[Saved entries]
═══

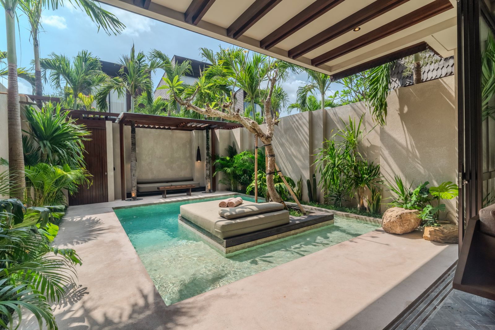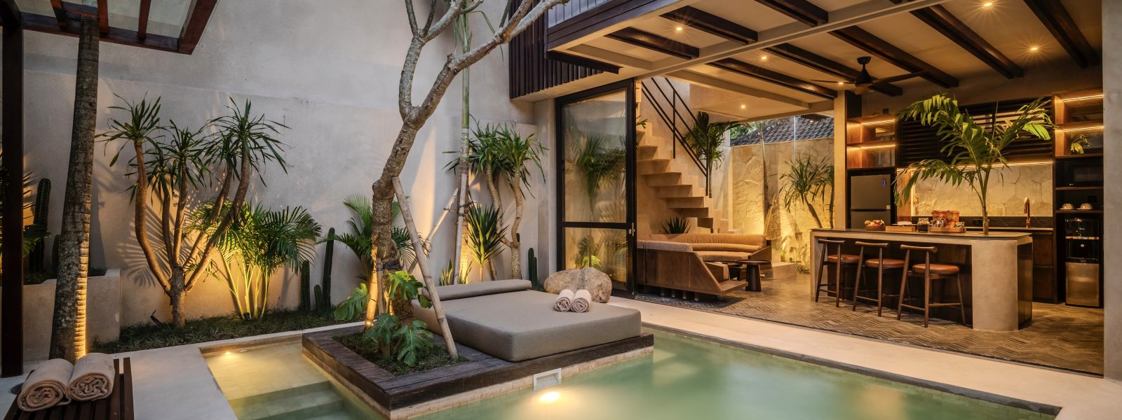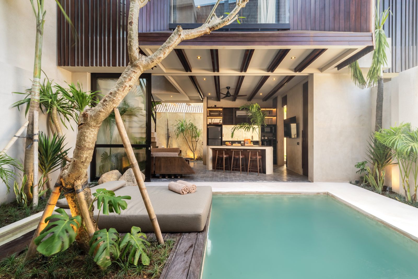 Designed with a contemporary tropical approach, the villa showcases a seamless blend of indoor and outdoor living. The open-plan layout invites natural light throughout the space, connecting the living and dining areas effortlessly to a serene pool and landscaped garden, creating a calm and inviting atmosphere ideal for both relaxing and entertaining.
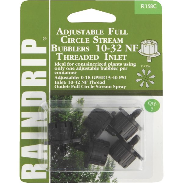 Convert existing 1/2″ underground sprinkler systems to low-flow watering where a drip-circuit cannot be set up. Features a full-circle stream-spray with a maximum spray diameter of 3′ at 30 psi (pounds per square inch). Flow rate is adjustable from 0 to 13 GPH (gallons per hour) at 30 psi. Inlet provides a secure fit and easy connection.
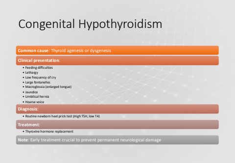 Congenital HypothyroidismCommon cause: Thyroid agenesis or dysgenesisClinical presentation:%u2022 Feeding difficulties%u2022 Lethargy%u2022 Low frequency of cry%u2022 Large fontanelles%u2022 Macroglossia (enlarged tongue)%u2022 Jaundice%u2022 Umbilical hernia%u2022 Hoarse voiceDiagnosis:%u2022 Routine newborn heel prick test (High TSH, low T4)Treatment:%u2022 Thyroxine hormone replacementNote: Early treatment crucial to prevent permanent neurological damage
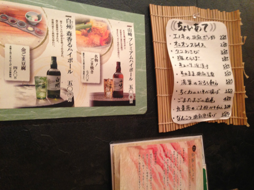 注文を済ませてテーブルの横の壁を見るとお酒やアテのメニューがありました。
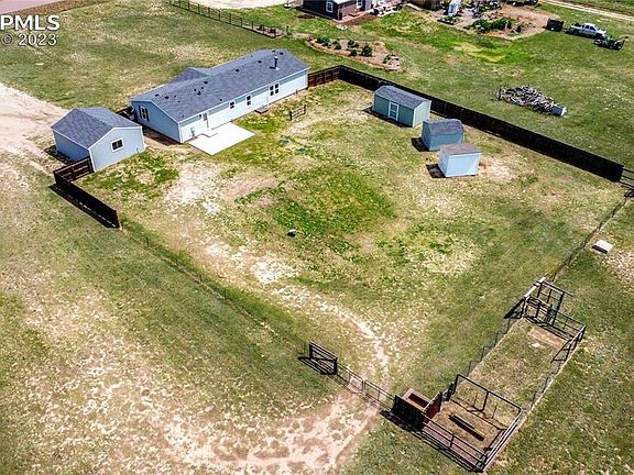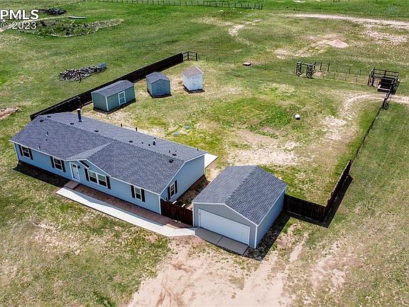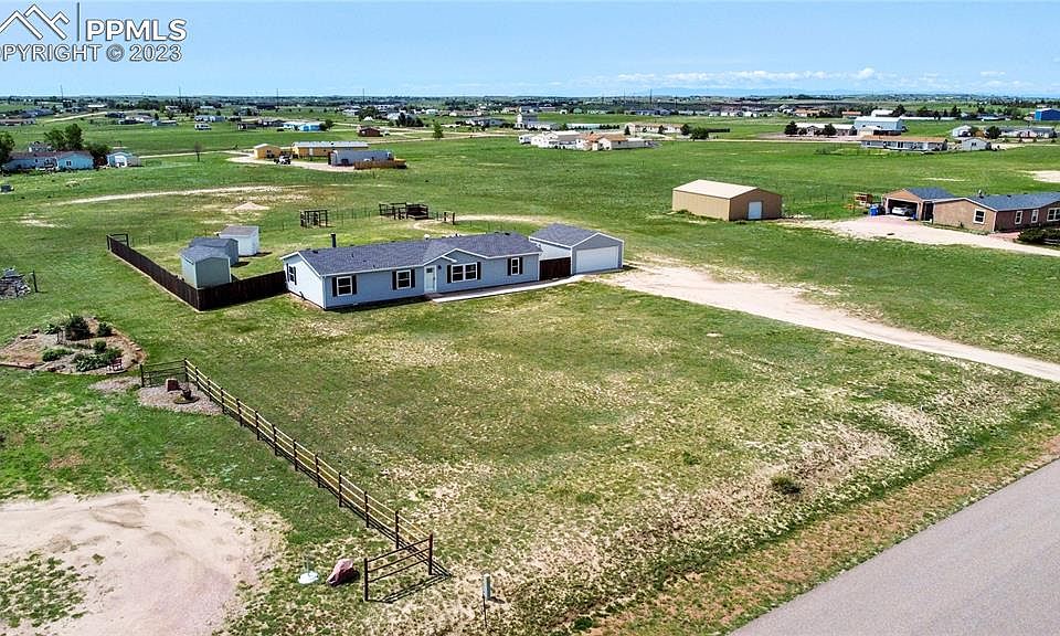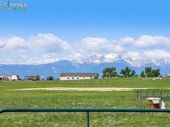 Your search for that special home on acreage is over. Main level living rancher positioned on 2.58 acres tucked on a quiet cul-de-sac in an equestrian friendly community only minutes from all of the amenities you need in Falcon! Panoramic Pikes Peak and mountain views with incredible sunsets. This one owner, well maintained home has new high quality carpet, the roof was replaced in 2017, new siding and energy efficient windows installed 2018. Here you can have those fun farm animals you have been dreaming of - horses, chickens and goats are all welcome. Outbuilding and RV friendly. The home has large windows, vaulted ceilings throughout and a wood burning fireplace. The kitchen is open to the dining room and features a newer stainless gas double oven and sizable pantry. Primary bedroom with walk-in closet, private bath and direct entrance into the laundry room. Large 2 car detached garage. Huge fenced backyard with three sheds, large patio and a fenced garden area. Complete main level living with 4 bedrooms and almost 1,800 square feet. All paved county maintained roads to the property. District 49 Schools. Great access to Highway 24 and Woodmen Road. Short drive to Peterson AFB and Schriever AFB.
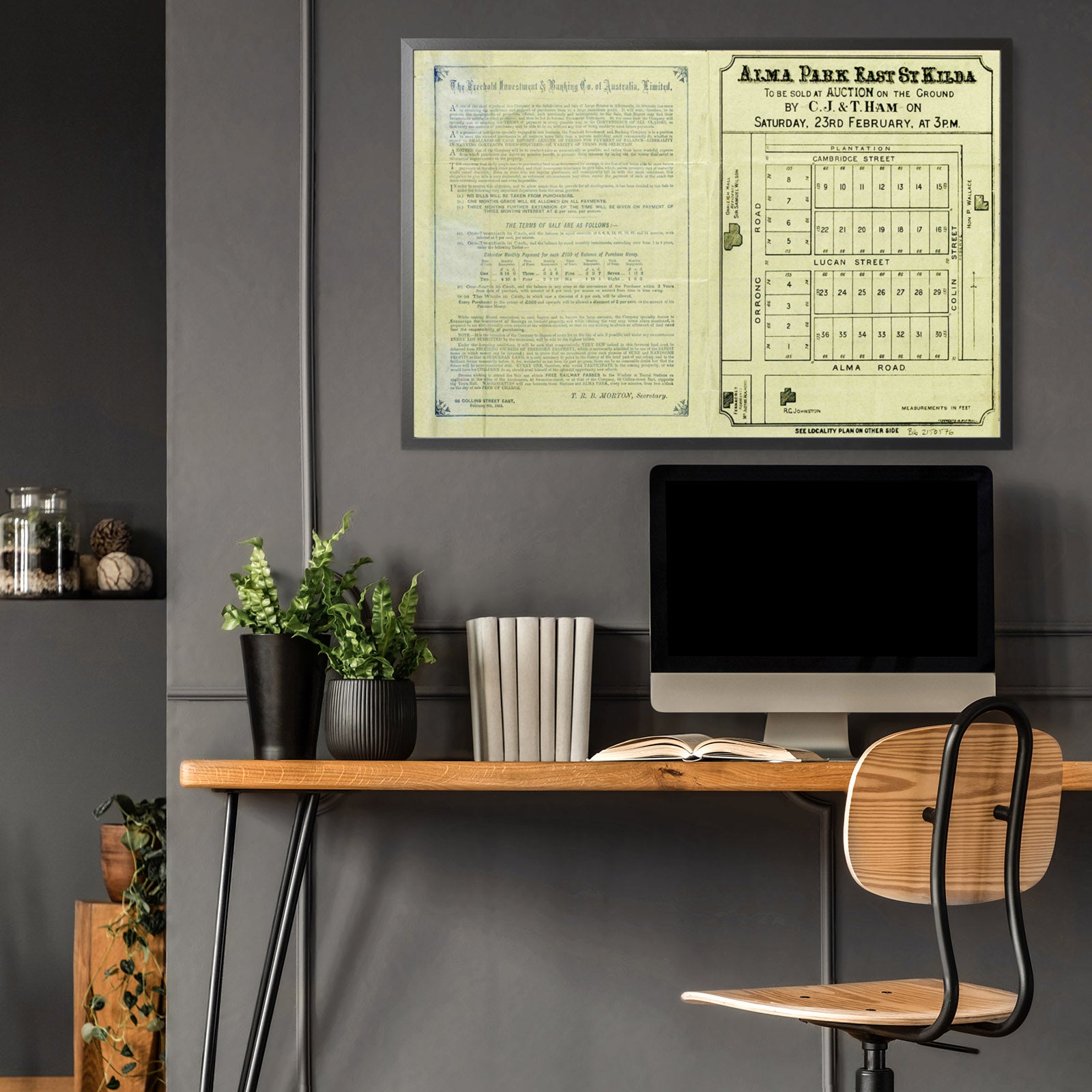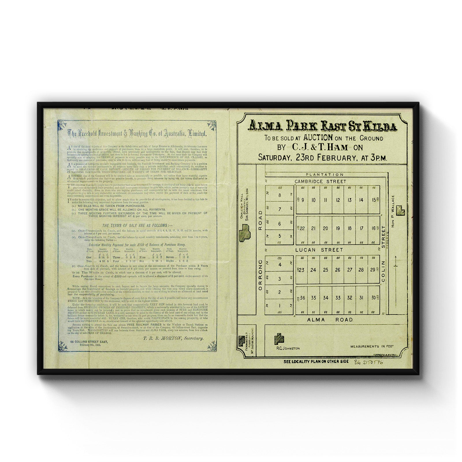 Alma Park East St Kilda [cartographic material]. [between 1858 to 1872] Auction held Saturday 23rd February at 3pm. Verso: Includes a locality plan of the area to be auctioned.;
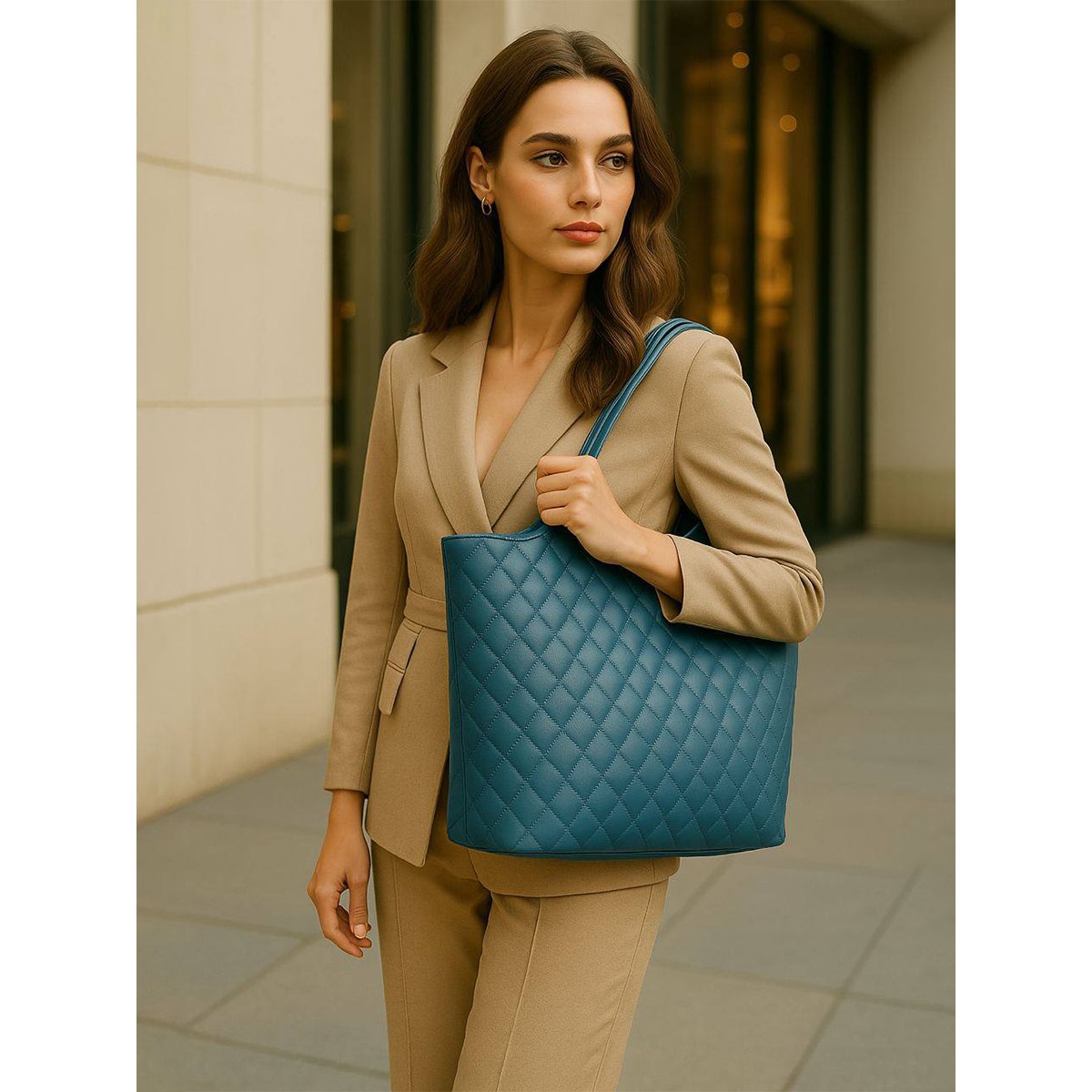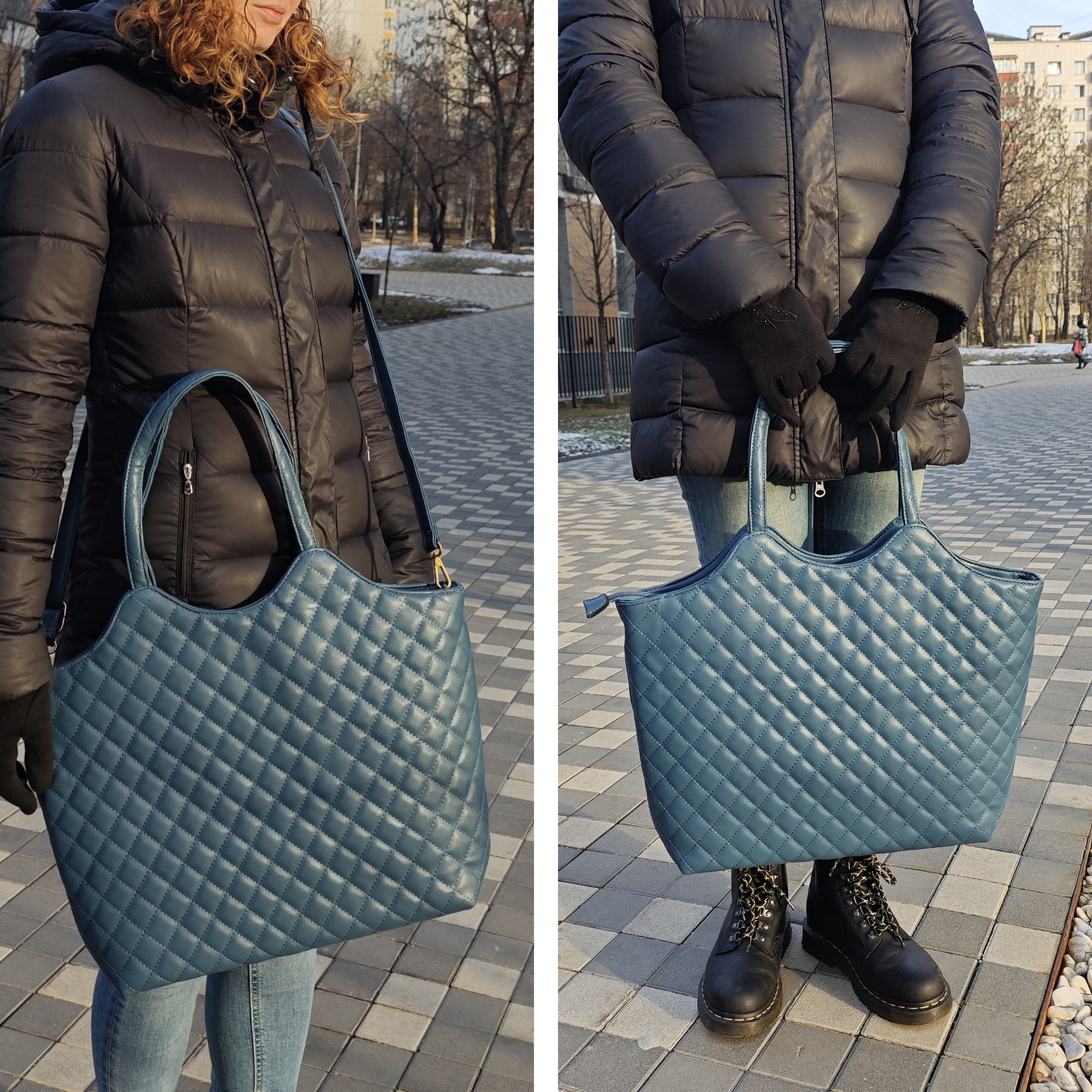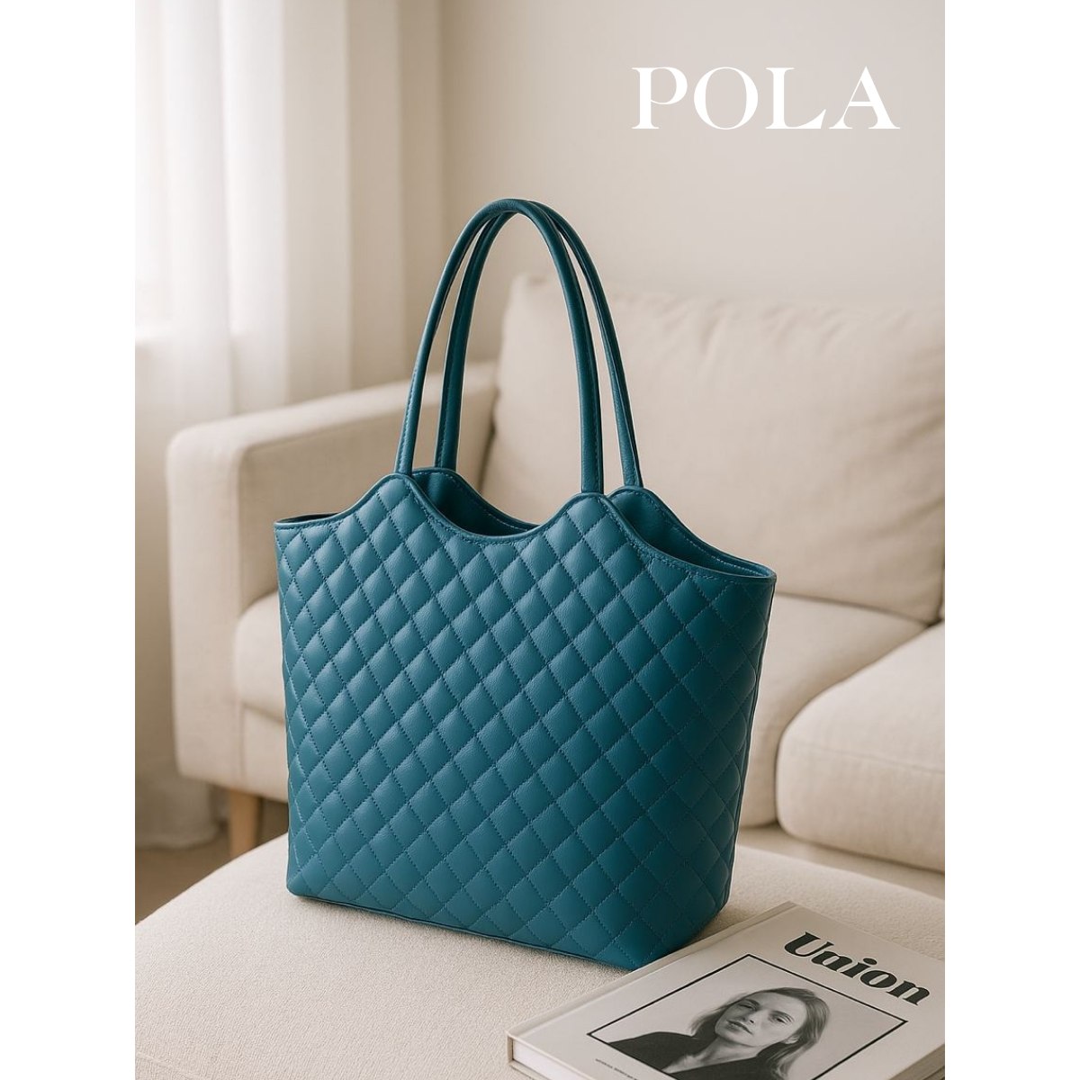 Вместительная стеганая женская сумка Pola выполнена из экокожи. Данная модель продолжает удерживать лидирующие позиции среди трендов!  Данную модель можно классифицировать как-сумка тоут, сумка шоппер, сумка хобо. Основное отделение закрывается на молнию. Внутри два кармана на молнии и открытый кармашек. Вмещает формат А4. Сумку можно переносить с помощью двух ручек, высота которых составляет 26 см, а также на плече с помощью съёмного регулируемого ремня, длина которого составляет 134 см. Цвет фурнитуры-золото.

═══

* **Prompt**
If an entry above holds a picture, leave that picture out and print the rest exactly.

* **Worked solution**
 Designed with a contemporary tropical approach, the villa showcases a seamless blend of indoor and outdoor living. The open-plan layout invites natural light throughout the space, connecting the living and dining areas effortlessly to a serene pool and landscaped garden, creating a calm and inviting atmosphere ideal for both relaxing and entertaining.
 Convert existing 1/2″ underground sprinkler systems to low-flow watering where a drip-circuit cannot be set up. Features a full-circle stream-spray with a maximum spray diameter of 3′ at 30 psi (pounds per square inch). Flow rate is adjustable from 0 to 13 GPH (gallons per hour) at 30 psi. Inlet provides a secure fit and easy connection.
 Congenital HypothyroidismCommon cause: Thyroid agenesis or dysgenesisClinical presentation:%u2022 Feeding difficulties%u2022 Lethargy%u2022 Low frequency of cry%u2022 Large fontanelles%u2022 Macroglossia (enlarged tongue)%u2022 Jaundice%u2022 Umbilical hernia%u2022 Hoarse voiceDiagnosis:%u2022 Routine newborn heel prick test (High TSH, low T4)Treatment:%u2022 Thyroxine hormone replacementNote: Early treatment crucial to prevent permanent neurological damage
 注文を済ませてテーブルの横の壁を見るとお酒やアテのメニューがありました。
 Your search for that special home on acreage is over. Main level living rancher positioned on 2.58 acres tucked on a quiet cul-de-sac in an equestrian friendly community only minutes from all of the amenities you need in Falcon! Panoramic Pikes Peak and mountain views with incredible sunsets. This one owner, well maintained home has new high quality carpet, the roof was replaced in 2017, new siding and energy efficient windows installed 2018. Here you can have those fun farm animals you have been dreaming of - horses, chickens and goats are all welcome. Outbuilding and RV friendly. The home has large windows, vaulted ceilings throughout and a wood burning fireplace. The kitchen is open to the dining room and features a newer stainless gas double oven and sizable pantry. Primary bedroom with walk-in closet, private bath and direct entrance into the laundry room. Large 2 car detached garage. Huge fenced backyard with three sheds, large patio and a fenced garden area. Complete main level living with 4 bedrooms and almost 1,800 square feet. All paved county maintained roads to the property. District 49 Schools. Great access to Highway 24 and Woodmen Road. Short drive to Peterson AFB and Schriever AFB.
 Alma Park East St Kilda [cartographic material]. [between 1858 to 1872] Auction held Saturday 23rd February at 3pm. Verso: Includes a locality plan of the area to be auctioned.;
 Вместительная стеганая женская сумка Pola выполнена из экокожи. Данная модель продолжает удерживать лидирующие позиции среди трендов!  Данную модель можно классифицировать как-сумка тоут, сумка шоппер, сумка хобо. Основное отделение закрывается на молнию. Внутри два кармана на молнии и открытый кармашек. Вмещает формат А4. Сумку можно переносить с помощью двух ручек, высота которых составляет 26 см, а также на плече с помощью съёмного регулируемого ремня, длина которого составляет 134 см. Цвет фурнитуры-золото.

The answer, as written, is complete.